Aid workers’ immediate family members also depend on these visas: they receive a different one (B2) that allows them to reside temporarily, but not to work. It is the same visa that the Israeli military authorities provide to NGO workers in West Bank cities, such as Ramallah, Bethlehem and Hebron, which are under administrative control of the Palestinian Authority.

No letter, no visa

The process has had its ups and downs in the past, but has been in place for years and weathered the Covid-19 crisis better. Upon arrival, foreigners working for NGOs registered in Israel need to apply for a work visa. And renew it every year. In both cases, they require a letter in which the Ministry of Welfare and Social Affairs requests the visa from the Interior Ministry. But the Ministry of Welfare and Social Affairs, which began delaying or ignoring requests for the letter last summer, has not issued a single letter since October, when the Hamas attack triggered the invasion of Gaza. And the Interior Ministry insists that, without a letter, there is no visa, creating a vicious circle.

For aid workers with a visa — but without a letter from the Interior Ministry — whether they stay or not is, above all, a matter of luck. If they renewed their visa shortly before the start of the war (October 7, 2023), they have months of margin. The rest have left the country, are depending on the opaque extension process, or are working with a tourist visa.

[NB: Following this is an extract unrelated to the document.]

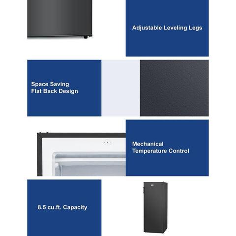 - Spacious 8.5 Cu. Ft. Capacity: This garage freezer offers ample space to store all your frozen foods, including meat and bulk items. An ideal freezer upright for families requiring extra storage

The two ministries involved in the process continue to pass the buck. The Population and Migration Authority — the Interior Ministry agency responsible for visas — has referred the issue to the ministry which issues the letter. “As a general rule [aid workers] must present a letter of recommendation from the Ministry of Welfare and Social Affairs. At the moment, the difficulty has arisen in finding what is required [sic], so we must contact the Ministry of Welfare and Social Affairs,” it responded in writing to this newspaper. In addition, it stressed that it has automatically extended visas for three months, without specifying until what date.

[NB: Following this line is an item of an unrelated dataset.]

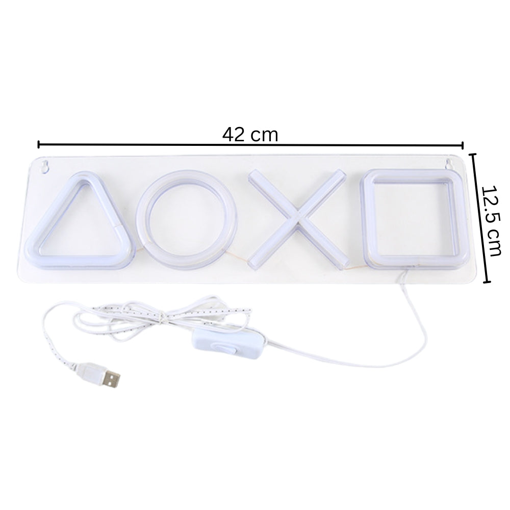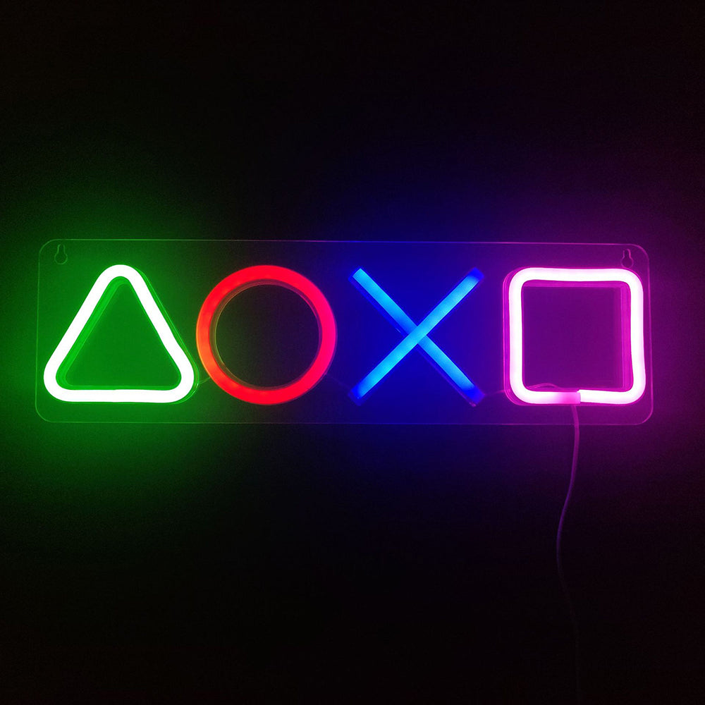The Neon Sign Custom PS4 Game Icon Light features the iconic PlayStation controller buttons in their signature colors, with bright silicone LED tubes mounted on a clear acrylic base. This unique addition adds personality and a colorful touch to any room.

Sharona Mann, the spokesperson for the Ministry of Welfare and Social Affairs, referred the issue to the Interior Ministry and refused to explain why her office has stopped sending the letter.

U.N. staffers follow a different procedure, but this process has also been changed. Since October, they have had to renew their visas every two months, instead of every year or half a year, explains Juliette Touma, the Communications Director of the U.N. agency for Palestinian refugees (UNRWA). This is a decision of the Ministry of Foreign Affairs, which has not responded to the repeated requests for comment this newspaper has made since April. Last December, the then foreign minister, Eli Cohen, announced that he would not renew the visa of the United Nations humanitarian coordinator, Lynn Hastings, accusing her of “bias” towards Hamas. She had to leave the country.